━━━ The records ━━━
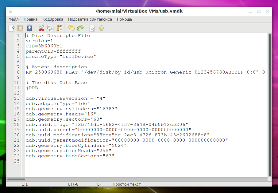 Обратите внимание, что файл usb.vmdk — это просто текстовый файл, который вы можете переместить в любое место и даже отредактировать.
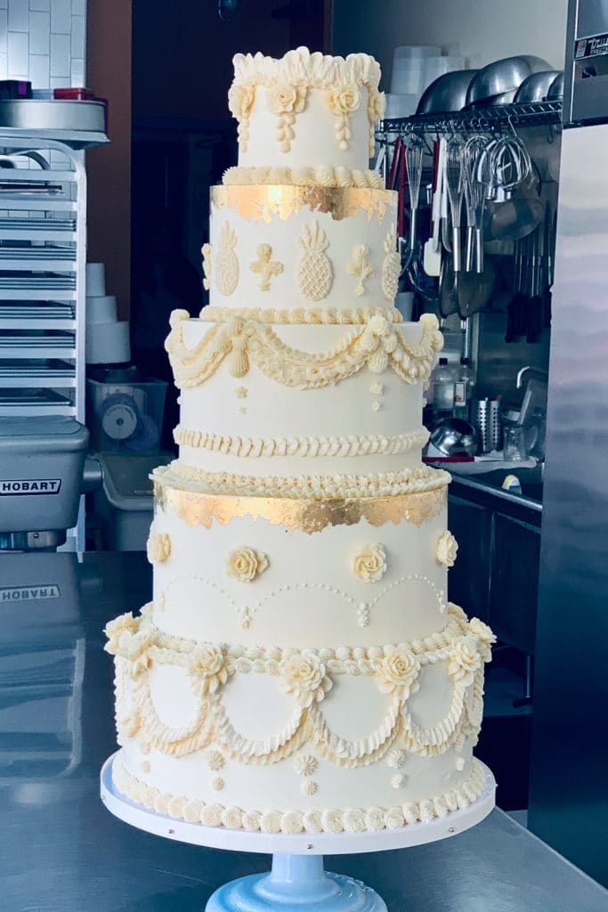 Vintage-style piping in 100% Swiss meringue buttercream covers this glamorous, statement cake.
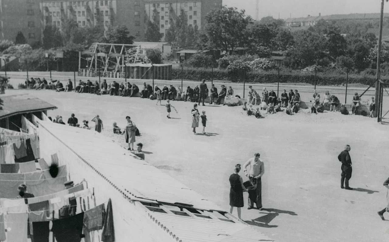 Maskingenkendt tekst fra fotokuvert: Fra flygtningelejren General Motors A/S . Aldersrogade 20, Kbhvn N. Legeplads for børnene.
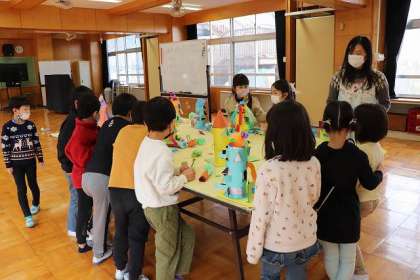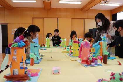 『てんらんかいにむけて』自分たちの作品を展示するための『まち』を作っています。
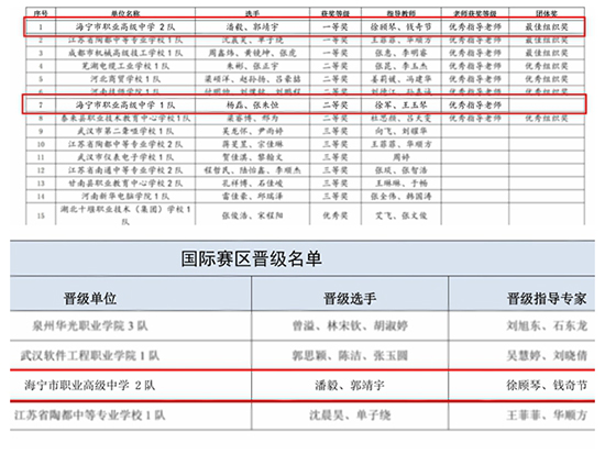 在激烈角逐中,海职高选派的2支队伍,按照比赛规则争分夺秒、沉着应对,尽显专业、严谨、细致和耐心。其中,计算机23班潘毅、郭靖宇团队(指导老师:徐顾琴、钱奇节)以总分第一的骄人成绩,勇夺中职组冠军,并顺利取得国际赛区晋级资格。此外,计算机24班杨磊、张朱恒团队(指导老师:徐军、王玉琴)荣获全国二等奖。相关指导教师获评“优秀指导教师”,学校也荣获“最佳组织奖”。
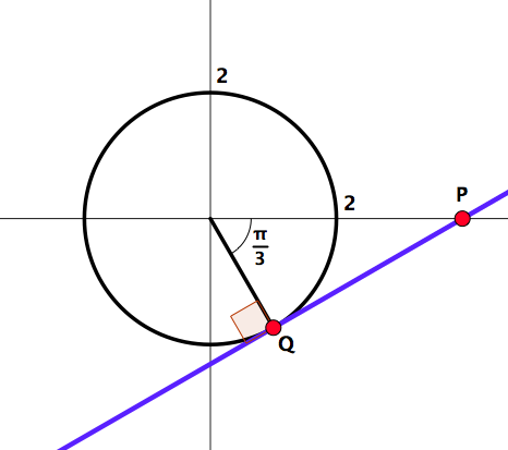 A tangent line to a circle at a point \(P\) on the circle is perpendicular to the line through \(P\) and the centre of the circle. See Figure 5.9.
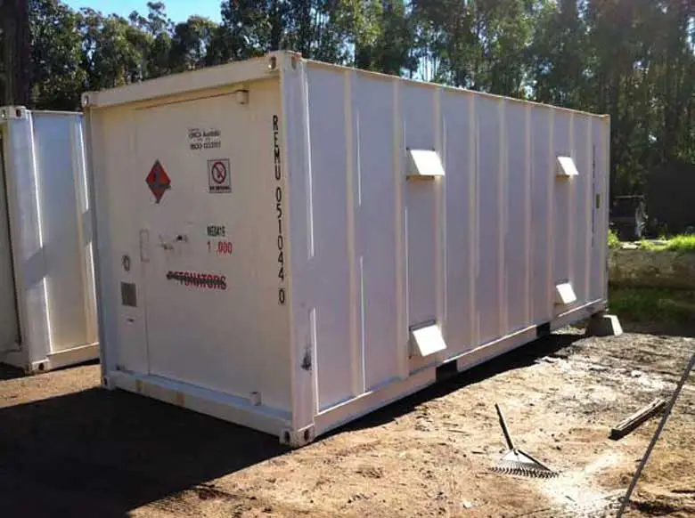 Our explosive magazines are constructed to Australian Standard AS2187.1-1998 and meet the stringent requirements of Australian Explosive Storage Regulations. The high quality relocatable explosive magazines are delivered ready-made for the storage of between 250 Kg and 20,000 Kg of explosives, detonators, MILSPEC, fireworks and other hazardous materials where safety and security is of critical importance.
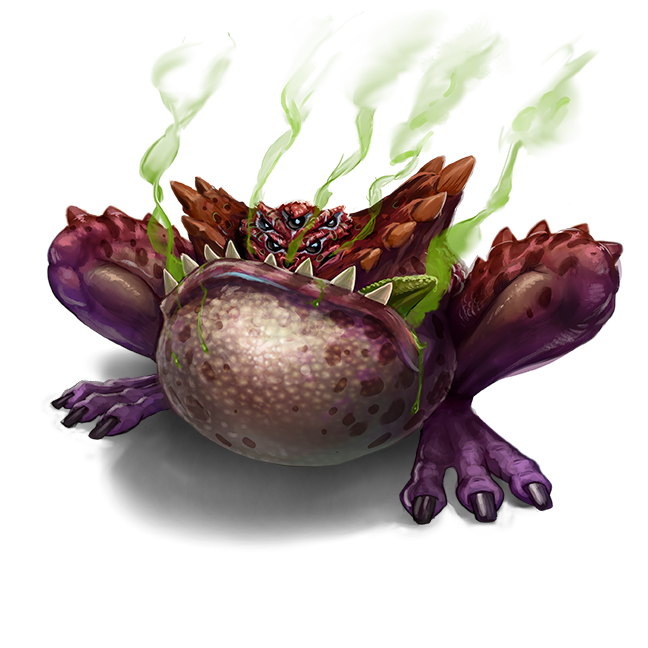 This rubbery, spheroid scavenger is nearly all acid-dripping mouth, with five bulbous black eyes and two powerful, gangly legs. A gibtas often forms a bond with a single other creature—usually, a more powerful aberration— and serves this master loyally, if erratically. Creatures who keep a gibtas as a pet or guard soon learn to keep it away from any important possessions they don't want spattered with acid.
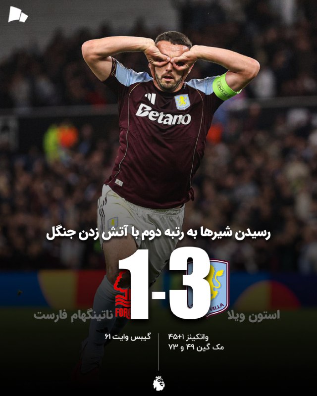 🏆 #لیگ_برتر_انگلیس | استون ویلا 3_1 ناتینگهام فارست / رسیدن شیرها به رتبه دوم با آتش زدن جنگل
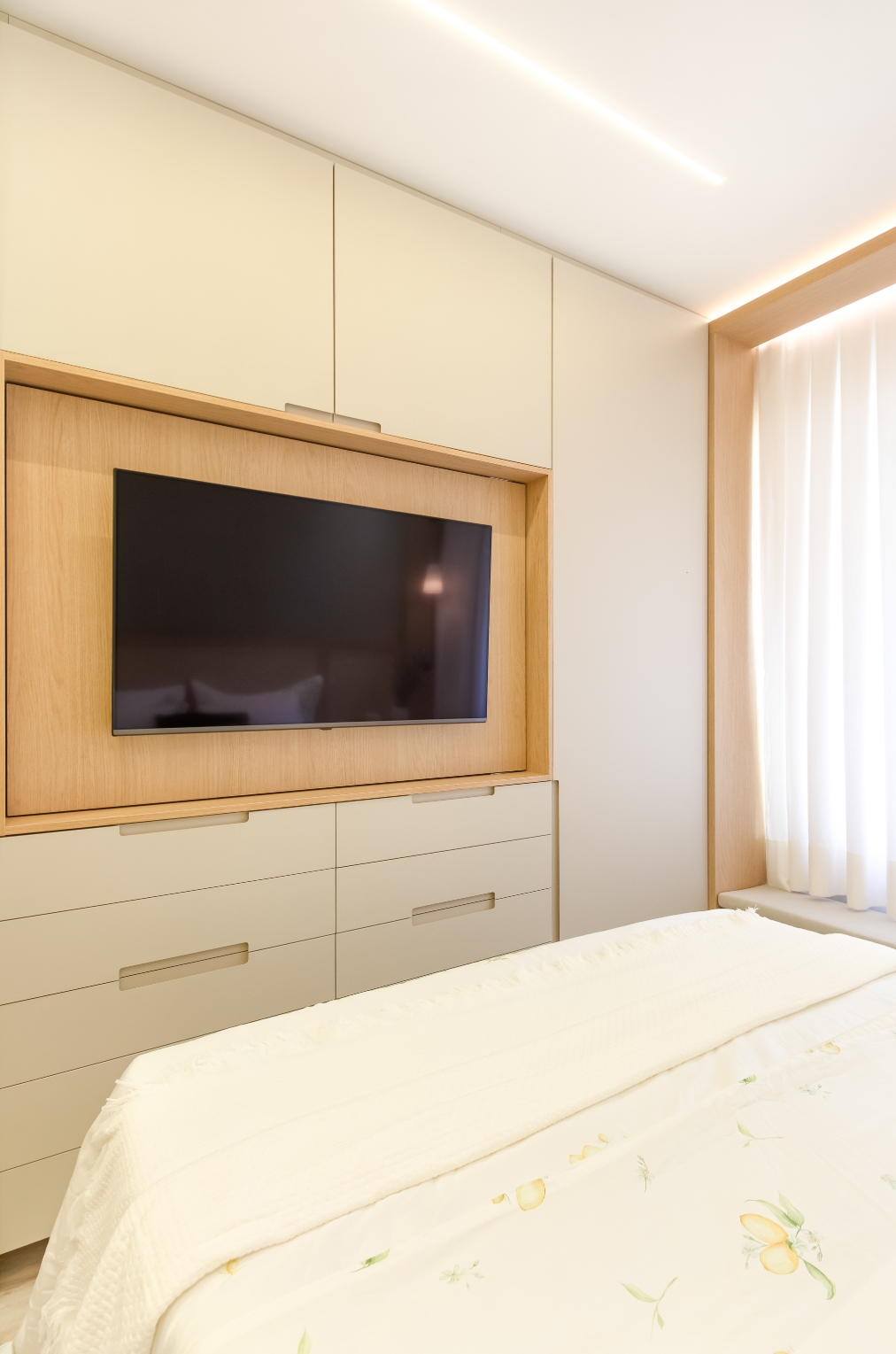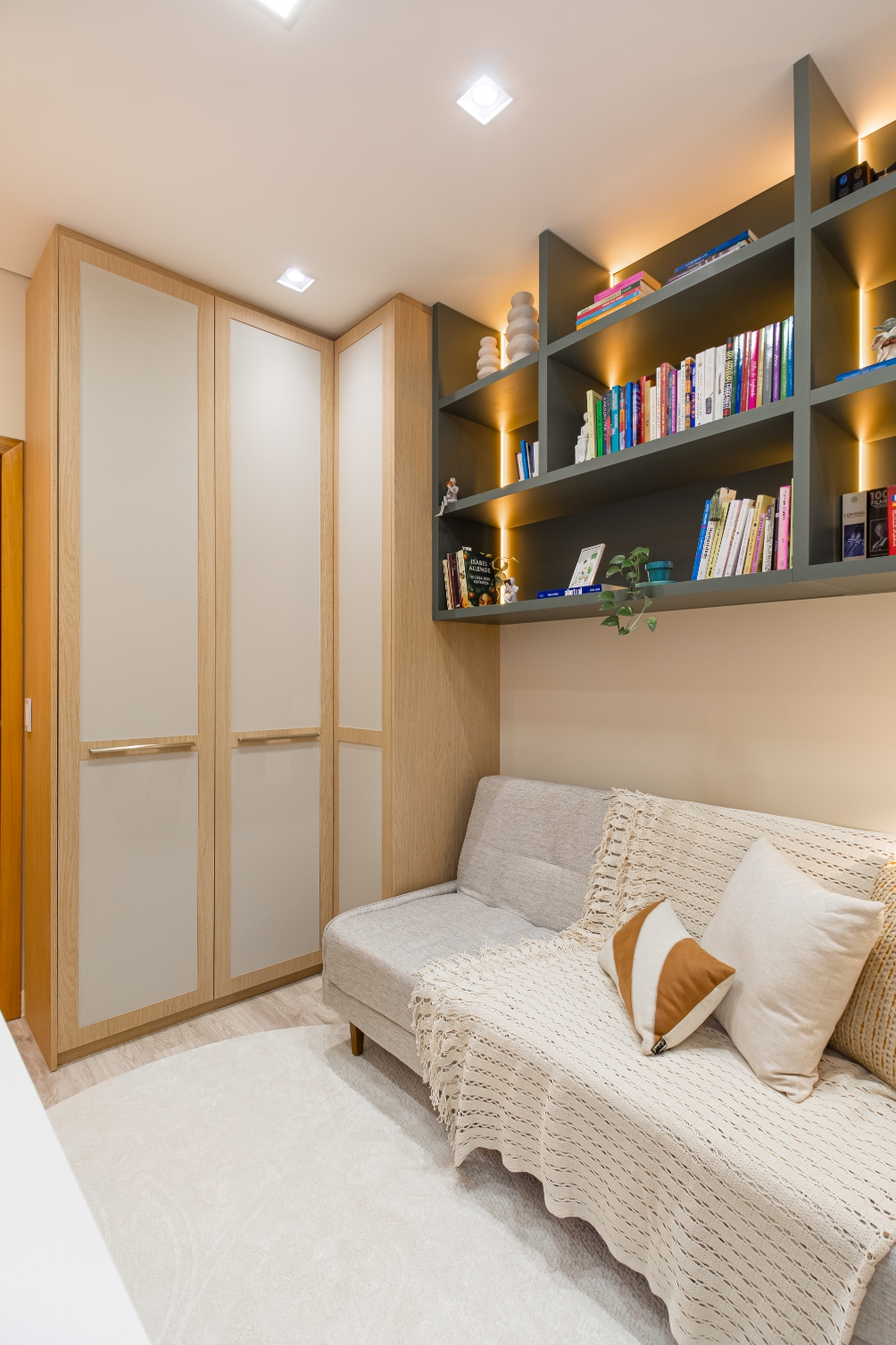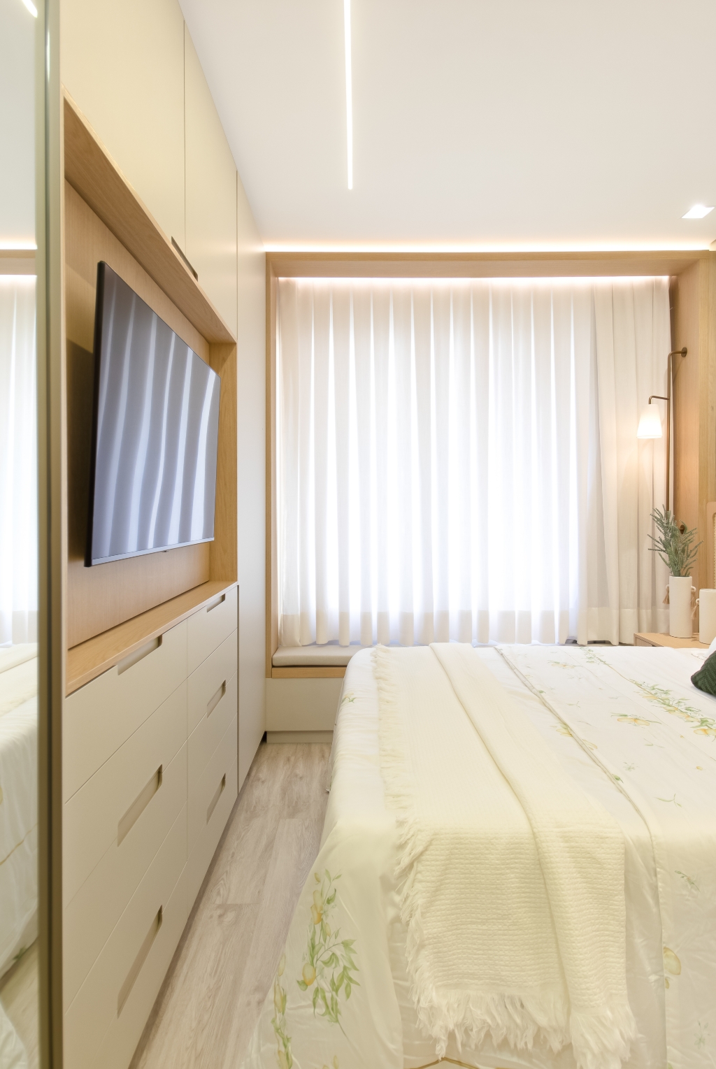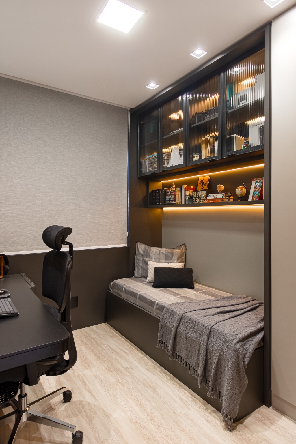 Nos quartos, cada detalhe foi pensado para atender às necessidades individuais do casal: um home office em tons mais sóbrios e escuros traduz a personalidade dele, enquanto outro, em nuances claras e suaves, expressa delicadeza e leveza para ela.
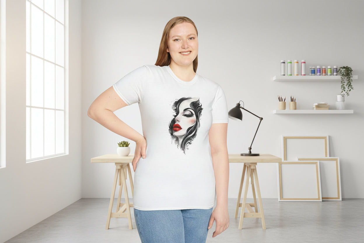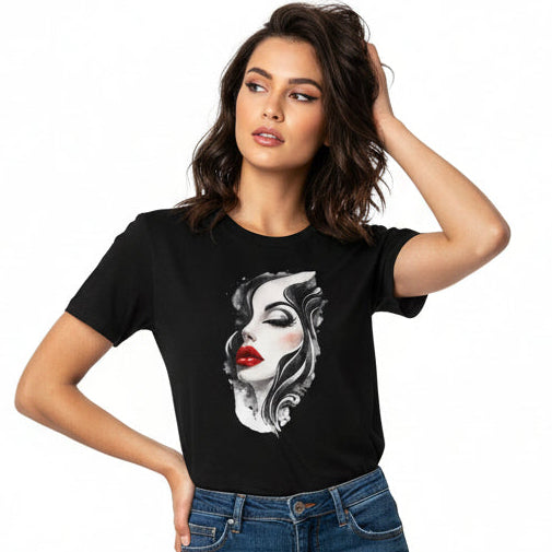 A soft, breathable tee that brings confidence without shouting. This lightweight crew-neck sits close to the body in a classic cut, letting the close-up female portrait design take center stage. Wear it layered under a jacket for a gallery night or alone on warm afternoons—its smooth, durable knit holds print detail beautifully and feels gentle against the skin. The subtle natural fleck option adds an organic, lived-in character to the image, while reinforced shoulders and a resilient ribbed collar keep the tee looking and fitting right after many wears. For adults who appreciate thoughtful, minimalist style and artful imagery, this shirt slips into everyday life and quiet moments with equal ease.
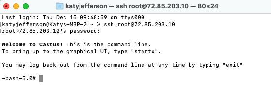 - Type in “ssh root@” directly followed by your unit’s IP address.
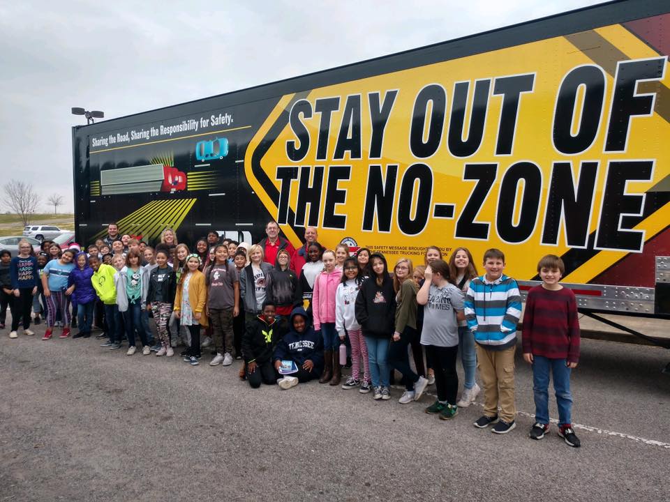Tennessee Road Team Captains and long time Titan drivers, Robert Moxley and Steve Bowar, with students at Benny Bills Elementary in Gallatin, TN. They spent time with the 3rd, 4th, and 5th grade classes talking to them about the importance of the trucking industry and teaching them about the No Zone
━━━
#### Exercise goal
Restate word for word the lines that begin at the one containing "آتش زدن جنگل" and end with the final line of the records. Pictures stay out.

#### Result of the task
 🏆 #لیگ_برتر_انگلیس | استون ویلا 3_1 ناتینگهام فارست / رسیدن شیرها به رتبه دوم با آتش زدن جنگل
 Nos quartos, cada detalhe foi pensado para atender às necessidades individuais do casal: um home office em tons mais sóbrios e escuros traduz a personalidade dele, enquanto outro, em nuances claras e suaves, expressa delicadeza e leveza para ela.
 A soft, breathable tee that brings confidence without shouting. This lightweight crew-neck sits close to the body in a classic cut, letting the close-up female portrait design take center stage. Wear it layered under a jacket for a gallery night or alone on warm afternoons—its smooth, durable knit holds print detail beautifully and feels gentle against the skin. The subtle natural fleck option adds an organic, lived-in character to the image, while reinforced shoulders and a resilient ribbed collar keep the tee looking and fitting right after many wears. For adults who appreciate thoughtful, minimalist style and artful imagery, this shirt slips into everyday life and quiet moments with equal ease.
 - Type in “ssh root@” directly followed by your unit’s IP address.
Tennessee Road Team Captains and long time Titan drivers, Robert Moxley and Steve Bowar, with students at Benny Bills Elementary in Gallatin, TN. They spent time with the 3rd, 4th, and 5th grade classes talking to them about the importance of the trucking industry and teaching them about the No Zone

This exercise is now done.